** MATERIAL FOR THE TASK **
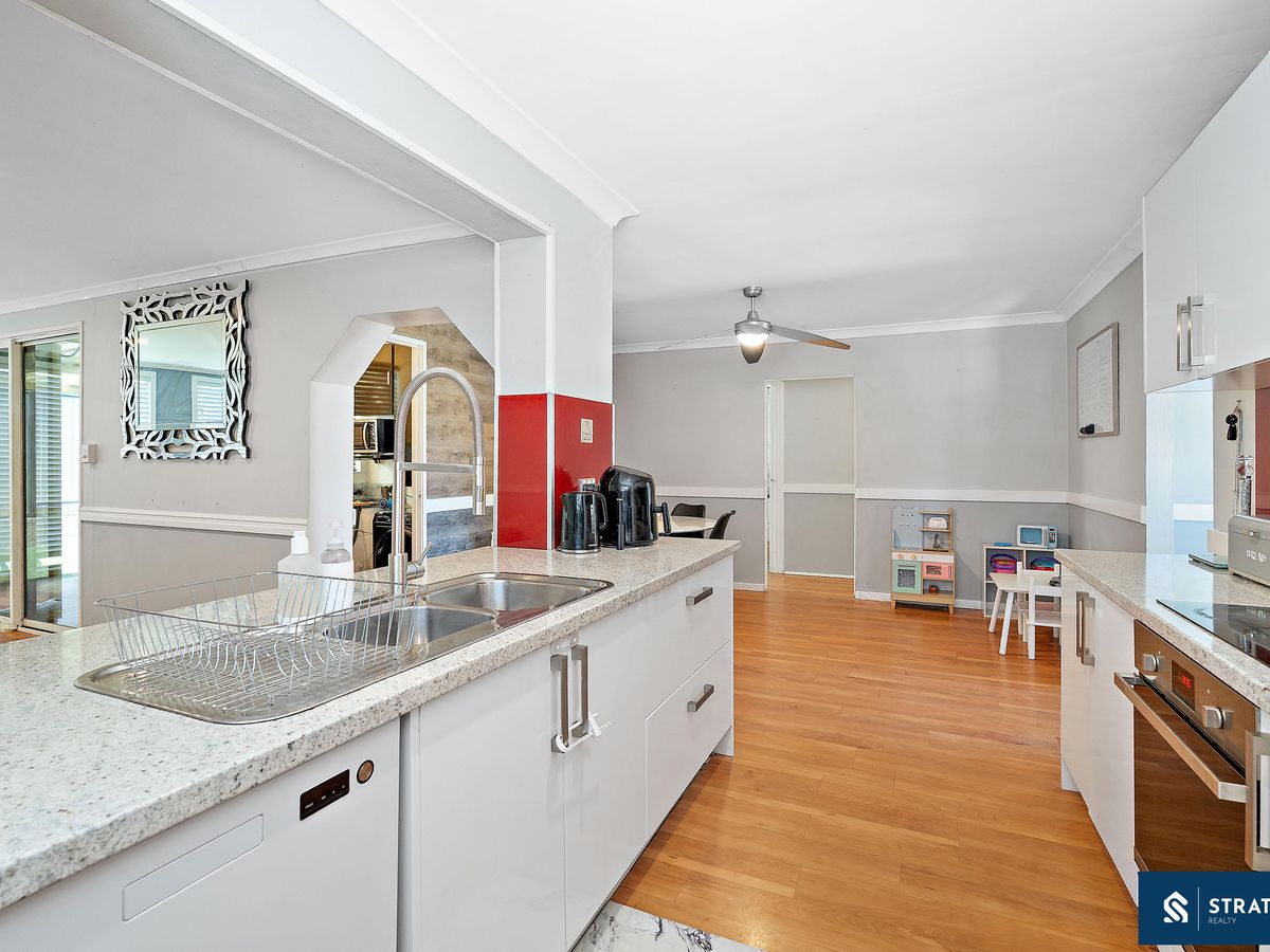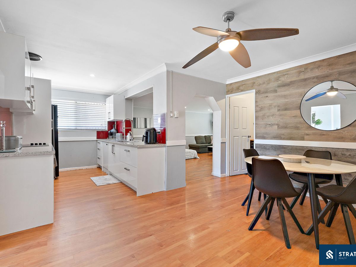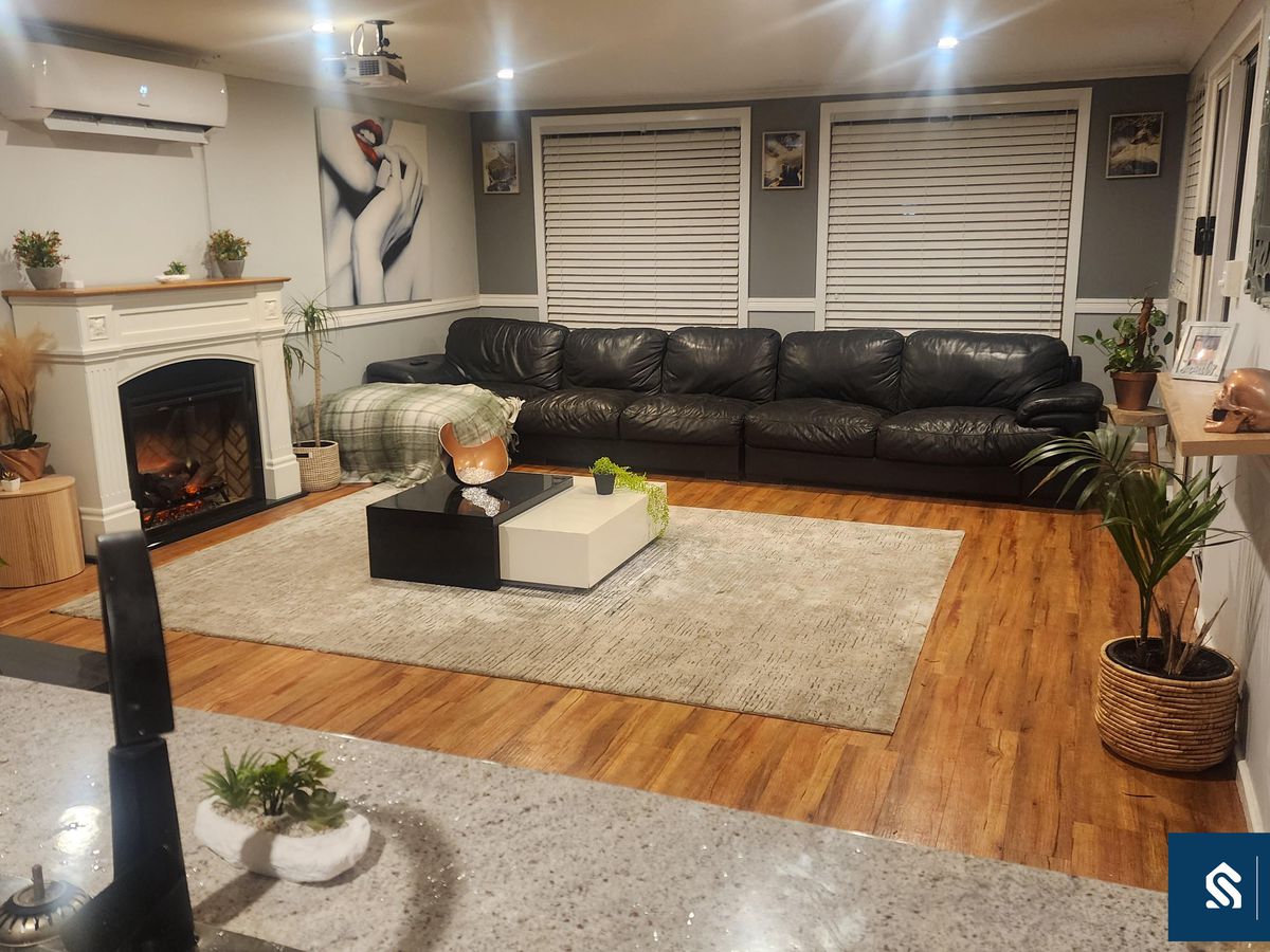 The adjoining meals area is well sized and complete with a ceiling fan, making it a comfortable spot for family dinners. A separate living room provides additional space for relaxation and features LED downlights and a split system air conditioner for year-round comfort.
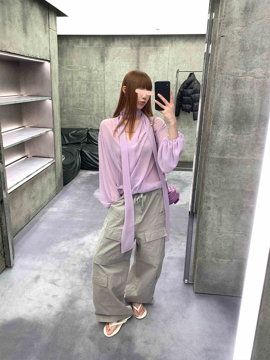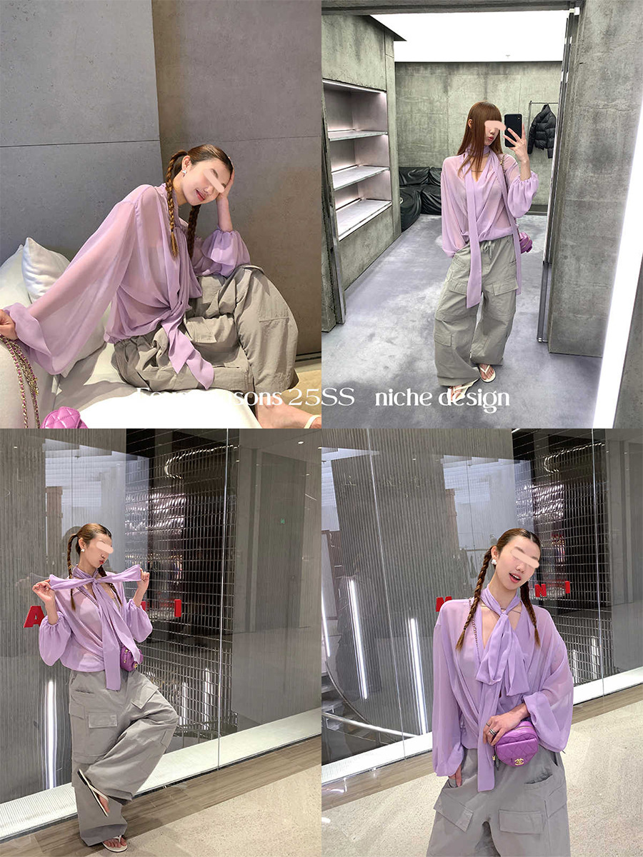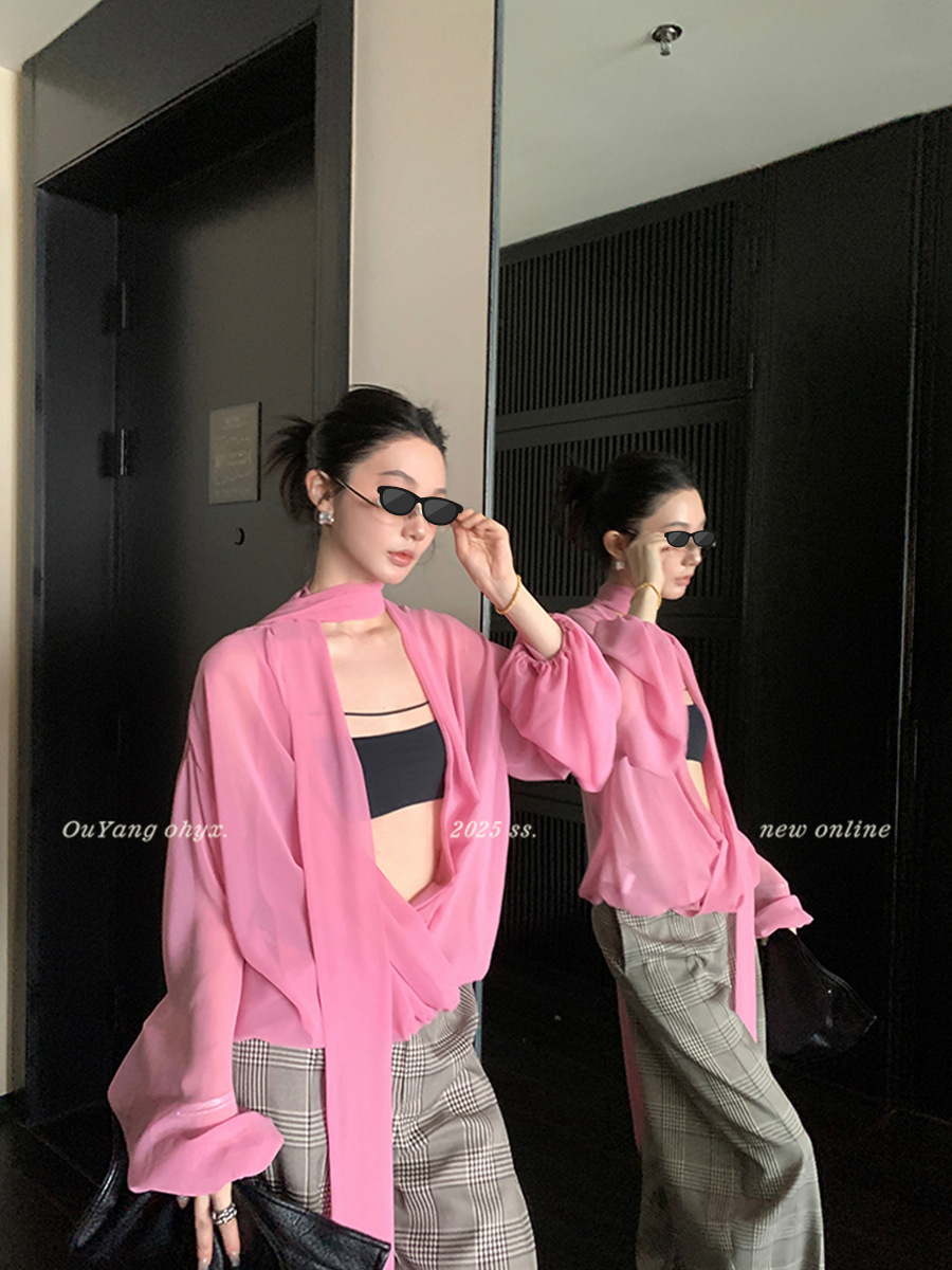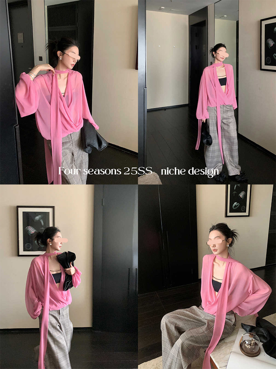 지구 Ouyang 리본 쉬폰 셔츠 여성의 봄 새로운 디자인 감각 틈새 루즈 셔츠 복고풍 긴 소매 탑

---

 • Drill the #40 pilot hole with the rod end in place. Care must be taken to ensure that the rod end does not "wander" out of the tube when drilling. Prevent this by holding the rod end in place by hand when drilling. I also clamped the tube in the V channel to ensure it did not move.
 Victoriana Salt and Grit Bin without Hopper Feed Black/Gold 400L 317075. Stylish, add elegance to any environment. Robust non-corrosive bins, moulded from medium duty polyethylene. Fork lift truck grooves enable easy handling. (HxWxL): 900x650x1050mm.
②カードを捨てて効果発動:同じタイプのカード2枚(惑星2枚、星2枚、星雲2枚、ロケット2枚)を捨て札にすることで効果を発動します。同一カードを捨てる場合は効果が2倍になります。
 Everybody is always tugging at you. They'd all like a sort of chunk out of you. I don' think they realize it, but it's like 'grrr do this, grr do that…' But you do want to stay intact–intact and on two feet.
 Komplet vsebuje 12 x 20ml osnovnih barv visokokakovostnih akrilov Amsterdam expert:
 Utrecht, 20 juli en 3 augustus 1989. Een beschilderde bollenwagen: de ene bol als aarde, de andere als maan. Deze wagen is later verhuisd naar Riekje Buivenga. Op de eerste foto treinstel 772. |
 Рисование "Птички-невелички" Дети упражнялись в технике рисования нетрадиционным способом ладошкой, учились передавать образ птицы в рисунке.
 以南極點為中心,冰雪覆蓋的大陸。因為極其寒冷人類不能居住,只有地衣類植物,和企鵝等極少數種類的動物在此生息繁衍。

** PROMPT **
Among the entries above, the lines between the ones containing "Utrecht, 20 juli" and "以南極點為中心,冰雪覆蓋的大", inclusive, are to be transcribed exactly. No other line is to be given.

** TASK RESPONSE **
 Utrecht, 20 juli en 3 augustus 1989. Een beschilderde bollenwagen: de ene bol als aarde, de andere als maan. Deze wagen is later verhuisd naar Riekje Buivenga. Op de eerste foto treinstel 772. |
 Рисование "Птички-невелички" Дети упражнялись в технике рисования нетрадиционным способом ладошкой, учились передавать образ птицы в рисунке.
 以南極點為中心,冰雪覆蓋的大陸。因為極其寒冷人類不能居住,只有地衣類植物,和企鵝等極少數種類的動物在此生息繁衍。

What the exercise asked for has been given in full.